Question
Agland Ltd issues a 20-year coupon-bearing bond at par with a sinking fund provision requiring that 5 percent of the issue be retired each year.
Agland Ltd issues a 20-year coupon-bearing bond at par with a sinking fund provision requiring that 5 percent of the issue be retired each year. The par value of the bond is $1000.
Foglund Ltd issues a 20-year coupon-bearing bond which is callable with call protection over only the first five years. The bond is issued at par, where the par value is $1000; and its coupon rate is
8 percent.
Foglund Ltd and Bigbury Ltd are in the same industry and in the same country; and they have both issued their 20-year coupon-bearing bonds on the same day at par. However, the Bigbury bond is not callable while the Foglund bond is callable, as stated above.
The three firms share a uniform level of business risk.
(i) Assuming Agland Ltd’s bond trust deed allowed the company to call the 5 percent of bonds to be retired in any particular year, explain under what market conditions it would choose to make a call (as distinct from using the other method for retiring the bonds).

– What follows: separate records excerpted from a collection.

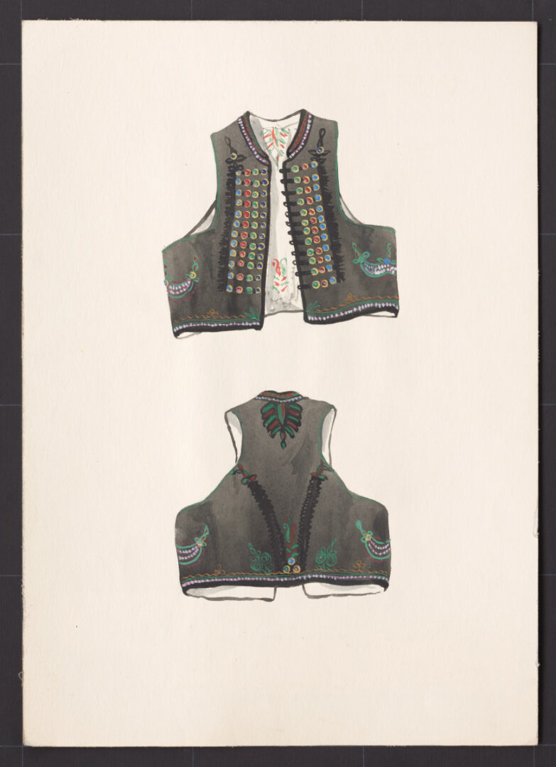 Sviatočný lajblík mladého muža, Čierne nad Topľou, druhá štvrtina 20. storočia. Lajblík je z jemného továrenského čierneho súkna a podšitý bavlneným plátnom. Má nízky stojatý golier, zapína sa na rad menších kovových gombíkov. Po oboch stranách má malé všité vrecká. Výzdoba na chrbte a po stranách je z čiernej a zo zelenej šujtášovej šnúrky, ktorá je doplnená farebnou výšivkou. Pozdĺž zapínania sú našité po tri rady kovových gombíkov, vykladaných farebnými sklíčkami. Lajblíky sa šili aj z čierneho zamatu. Ženatí a starší muži nosili lajblíky bez výzdoby.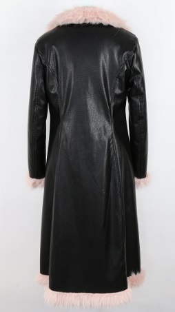 מעיל דמוי עור מרופד פרווה ורודה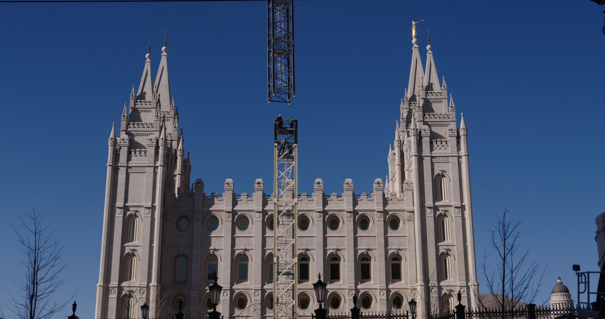 Another renovation milestone occurred this week as crews dismantled the south tower crane, which had stood between the historic temple and the Visitors’ Center for the past 5.5 years.
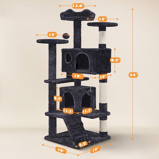 历史新低!Yaheetech 54英寸猫树公寓/猫爬架5.4折 69.99加元包邮!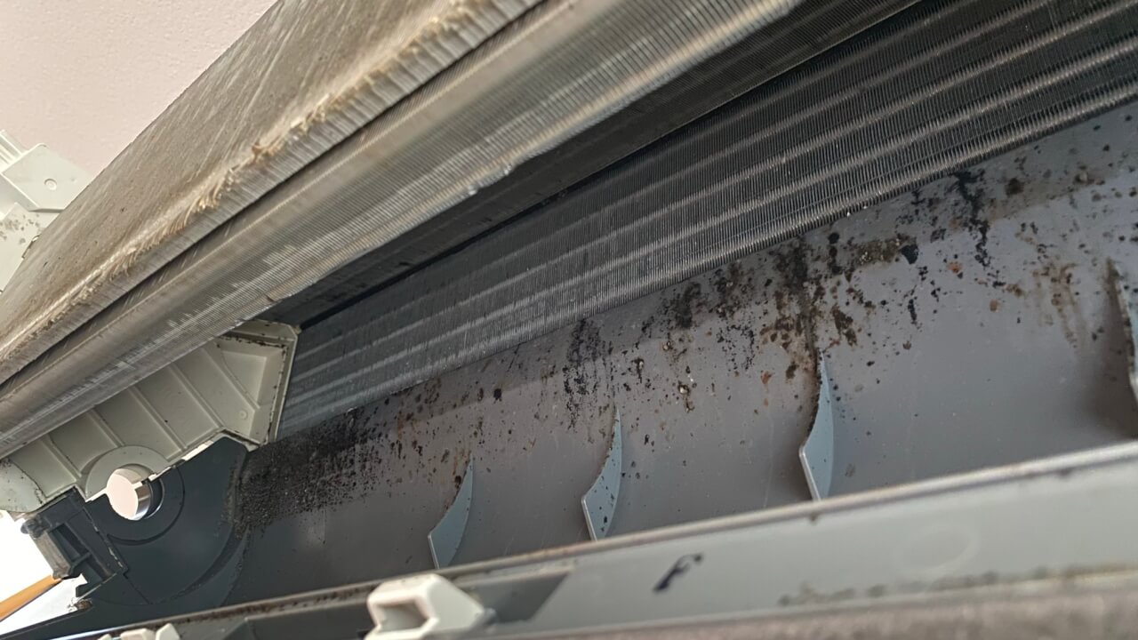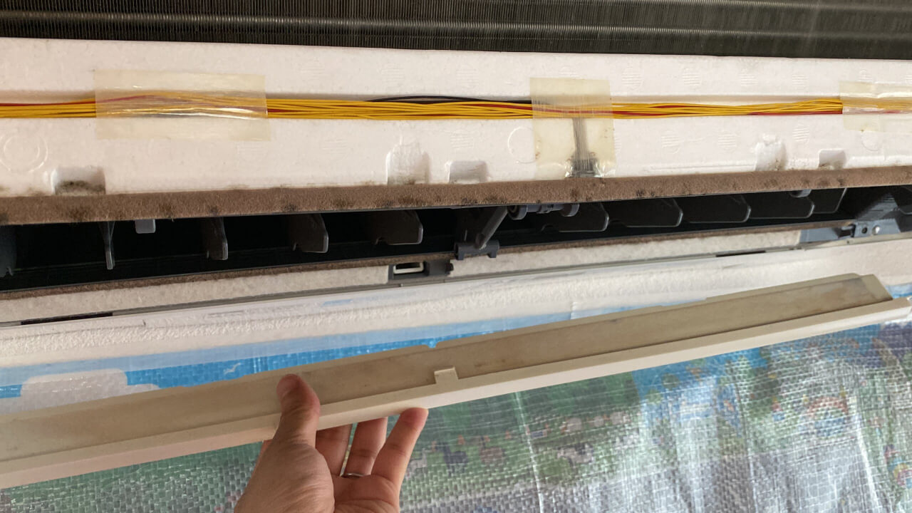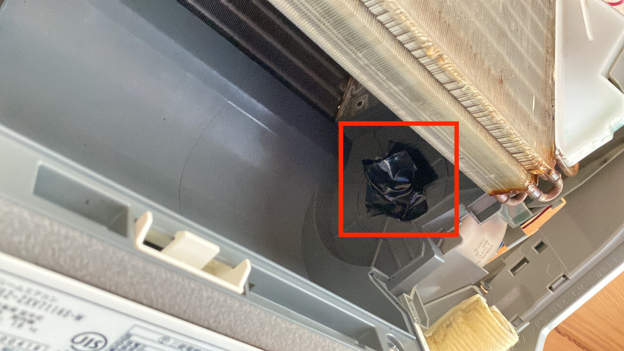 ドレンパンを取り外すまでは見えなかった黒カビが大量にあることがわかるかと思います。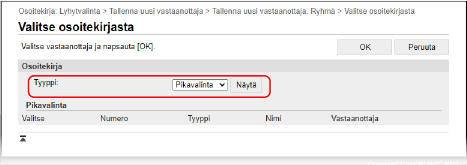 Voit muuttaa osoitekirjan näyttöä valitsemalla [Tyyppi]-kohdassa [Pikavalinta] tai [Lyhytvalinta] ja napsauttamalla [Näytä].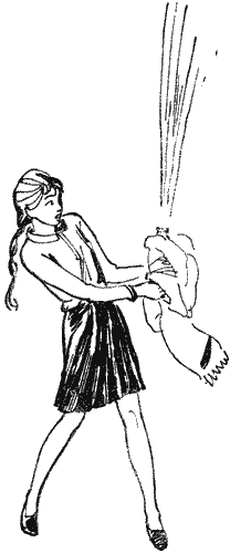 Надо же было случиться, чтобы Витина ложечка попала как раз папиному заведующему отделом. И когда он стал размешивать сахар в чае, то увидел вдруг, что в руках у него только ручка от ложечки, а сама ложечка расплавилась и серебристо-черным слоем лежит на дне стакана. Все стали смеяться и довольно подозрительно рассматривать свои ложечки. Мог бы, конечно, посмеяться и папин начальник — ведь ничего страшного не произошло, сплав этот не ядовит и не имеет никакого вкуса или запаха. Но папин начальник, по-видимому, относится к числу людей, которые любят посмеяться над другими и совершенно не переносят, когда смеются над ними. Он покраснел так, что уши у него стали фиолетового цвета, как будто их об-лили чернилами, и сказал, что никогда себе не позволяет шуток над своими гостями и поэтому не любит, когда шутят над ним, если он приходит в гости. В общем, и папе и маме было очень неприятно, а к тому же, когда я увидела уши папиного начальника, я почувствовала, что просто лопну, ну, по-настоящему лопну от смеха. Я понимала, что смеяться неприлично, что смеяться над взрослыми нехорошо, но ничего не могла с собой сделать, пока не применила способ, который посоветовал мне когда-то Витя: если рассмеешься в школе на уроке и чувствуешь, что не можешь остановиться, нужно схватить что-нибудь острое булавку, иголку, циркуль и посильнее уколоть себя в ногу, ниже коленки, куда врачи стукают молоточком. От боли или еще от чего-то смех сразу проходит. У меня под рукой не было булавки, я незаметно ухватила штопор и кольнула себя ниже коленки, да так сильно, что пошла кровь. Я залепила ранку краешком бумажной салфетки, и мне уже было не до смеха.

(ii) Agland Ltd does not necessarily have to make a call in order to retire the five percent of the bond issue each year. What is the alternative method Agland Ltd can employ, and under what market circumstances would it use this alternative method?
(iii) If we expect Foglund Ltd to make a call at the start of the sixth year, what interest rate would we compute to assess the attractiveness of this bond as an investment, and what information about the Foglund bond would we require to compute the value of this variable?
(iv) Explain the points of similarity and difference between the Bigbury Ltd and Foglund Ltd bond issues that we would expect to be evident in their YTMs and coupon rates of interest. Explain why these similarities and differences exist.